## GIVEN RECORDS

******************************

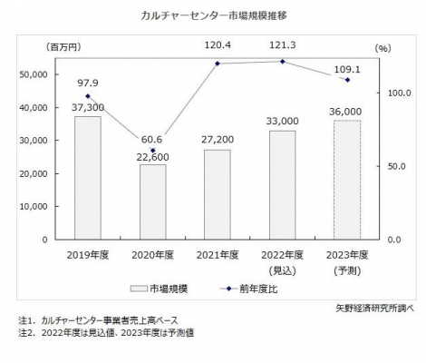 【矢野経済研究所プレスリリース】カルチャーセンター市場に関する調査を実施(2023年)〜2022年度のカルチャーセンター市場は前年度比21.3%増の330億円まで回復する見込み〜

******************************

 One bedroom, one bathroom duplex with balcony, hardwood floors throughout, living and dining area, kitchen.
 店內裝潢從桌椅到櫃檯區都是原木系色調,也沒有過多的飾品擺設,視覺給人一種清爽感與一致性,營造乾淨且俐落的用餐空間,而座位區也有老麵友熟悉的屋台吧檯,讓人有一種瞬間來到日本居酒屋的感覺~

******************************

## TASK DETAILS
Return, with no change at all, every line in the entries above from the line containing "One bedroom, one" through the line containing "店內裝潢從桌椅到櫃檯區都是原".

## OUTPUT OF THE TASK
 One bedroom, one bathroom duplex with balcony, hardwood floors throughout, living and dining area, kitchen.
 店內裝潢從桌椅到櫃檯區都是原木系色調,也沒有過多的飾品擺設,視覺給人一種清爽感與一致性,營造乾淨且俐落的用餐空間,而座位區也有老麵友熟悉的屋台吧檯,讓人有一種瞬間來到日本居酒屋的感覺~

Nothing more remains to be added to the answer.